▶ [Work to complete]: For this exercise, output the entries below exactly from the line that holds "図11では、推定タップ数が3" to the line that holds "1、甲方应按合同规定的时间和质重,提供给乙方所需的苗木,保证不提供假苗。", both ends included. No pictures belong in the copy.

▶ [Supplied records]:
━━━

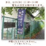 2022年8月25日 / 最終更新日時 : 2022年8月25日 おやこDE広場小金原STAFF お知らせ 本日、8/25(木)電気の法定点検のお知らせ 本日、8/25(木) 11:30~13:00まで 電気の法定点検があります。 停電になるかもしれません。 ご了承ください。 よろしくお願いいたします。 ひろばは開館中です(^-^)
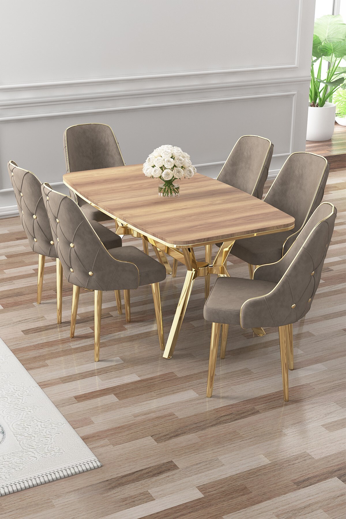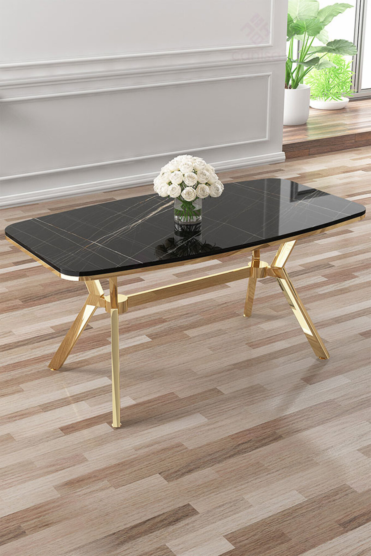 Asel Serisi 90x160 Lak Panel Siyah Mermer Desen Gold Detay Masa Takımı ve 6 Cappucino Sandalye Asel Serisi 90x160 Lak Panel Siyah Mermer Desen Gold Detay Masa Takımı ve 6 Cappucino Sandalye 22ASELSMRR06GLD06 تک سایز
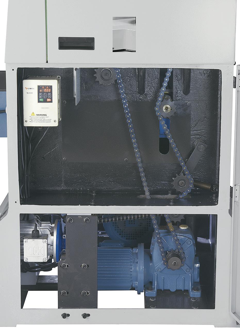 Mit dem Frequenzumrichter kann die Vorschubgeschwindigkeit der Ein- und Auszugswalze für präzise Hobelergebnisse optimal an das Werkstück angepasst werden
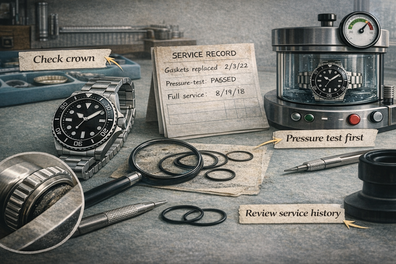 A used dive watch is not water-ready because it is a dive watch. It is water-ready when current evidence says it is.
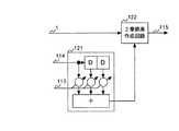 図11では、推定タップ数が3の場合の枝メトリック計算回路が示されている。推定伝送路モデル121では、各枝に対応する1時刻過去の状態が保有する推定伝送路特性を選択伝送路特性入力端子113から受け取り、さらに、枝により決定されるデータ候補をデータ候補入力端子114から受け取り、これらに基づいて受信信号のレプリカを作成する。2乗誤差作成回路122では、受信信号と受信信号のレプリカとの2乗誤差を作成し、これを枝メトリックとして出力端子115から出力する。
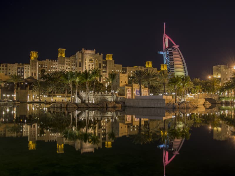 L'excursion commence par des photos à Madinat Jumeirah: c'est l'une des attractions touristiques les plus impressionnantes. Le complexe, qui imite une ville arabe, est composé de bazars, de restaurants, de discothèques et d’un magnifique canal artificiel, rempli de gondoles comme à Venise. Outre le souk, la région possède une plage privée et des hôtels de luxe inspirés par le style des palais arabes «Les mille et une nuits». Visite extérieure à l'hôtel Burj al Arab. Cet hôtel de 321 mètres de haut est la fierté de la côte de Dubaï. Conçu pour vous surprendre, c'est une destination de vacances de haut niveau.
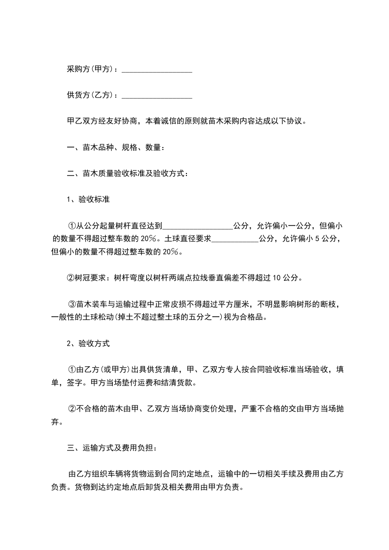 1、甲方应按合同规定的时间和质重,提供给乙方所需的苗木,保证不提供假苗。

━━━

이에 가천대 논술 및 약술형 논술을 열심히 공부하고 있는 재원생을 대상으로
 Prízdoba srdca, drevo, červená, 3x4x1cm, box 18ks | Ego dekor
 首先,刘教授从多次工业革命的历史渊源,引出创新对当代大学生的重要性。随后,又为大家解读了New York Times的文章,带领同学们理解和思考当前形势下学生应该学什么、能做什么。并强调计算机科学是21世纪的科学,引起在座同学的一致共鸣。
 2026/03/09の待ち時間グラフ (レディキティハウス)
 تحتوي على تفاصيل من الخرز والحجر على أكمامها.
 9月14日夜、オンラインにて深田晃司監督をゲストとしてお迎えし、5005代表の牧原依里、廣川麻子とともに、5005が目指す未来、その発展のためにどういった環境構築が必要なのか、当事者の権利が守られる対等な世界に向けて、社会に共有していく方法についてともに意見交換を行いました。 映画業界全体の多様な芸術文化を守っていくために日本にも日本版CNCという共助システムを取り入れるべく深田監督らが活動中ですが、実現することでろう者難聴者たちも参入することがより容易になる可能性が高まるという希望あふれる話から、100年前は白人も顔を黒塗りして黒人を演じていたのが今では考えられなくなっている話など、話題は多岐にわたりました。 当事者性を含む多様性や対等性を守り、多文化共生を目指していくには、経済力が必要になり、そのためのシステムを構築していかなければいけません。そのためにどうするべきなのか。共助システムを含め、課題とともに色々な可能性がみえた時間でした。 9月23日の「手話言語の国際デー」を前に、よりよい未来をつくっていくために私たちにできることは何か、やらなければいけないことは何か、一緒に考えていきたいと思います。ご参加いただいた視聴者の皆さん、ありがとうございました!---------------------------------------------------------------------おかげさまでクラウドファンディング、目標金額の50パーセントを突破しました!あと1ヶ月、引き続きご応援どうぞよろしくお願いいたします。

━━━

▶ [Exercise result]:
 図11では、推定タップ数が3の場合の枝メトリック計算回路が示されている。推定伝送路モデル121では、各枝に対応する1時刻過去の状態が保有する推定伝送路特性を選択伝送路特性入力端子113から受け取り、さらに、枝により決定されるデータ候補をデータ候補入力端子114から受け取り、これらに基づいて受信信号のレプリカを作成する。2乗誤差作成回路122では、受信信号と受信信号のレプリカとの2乗誤差を作成し、これを枝メトリックとして出力端子115から出力する。
 L'excursion commence par des photos à Madinat Jumeirah: c'est l'une des attractions touristiques les plus impressionnantes. Le complexe, qui imite une ville arabe, est composé de bazars, de restaurants, de discothèques et d’un magnifique canal artificiel, rempli de gondoles comme à Venise. Outre le souk, la région possède une plage privée et des hôtels de luxe inspirés par le style des palais arabes «Les mille et une nuits». Visite extérieure à l'hôtel Burj al Arab. Cet hôtel de 321 mètres de haut est la fierté de la côte de Dubaï. Conçu pour vous surprendre, c'est une destination de vacances de haut niveau.
 1、甲方应按合同规定的时间和质重,提供给乙方所需的苗木,保证不提供假苗。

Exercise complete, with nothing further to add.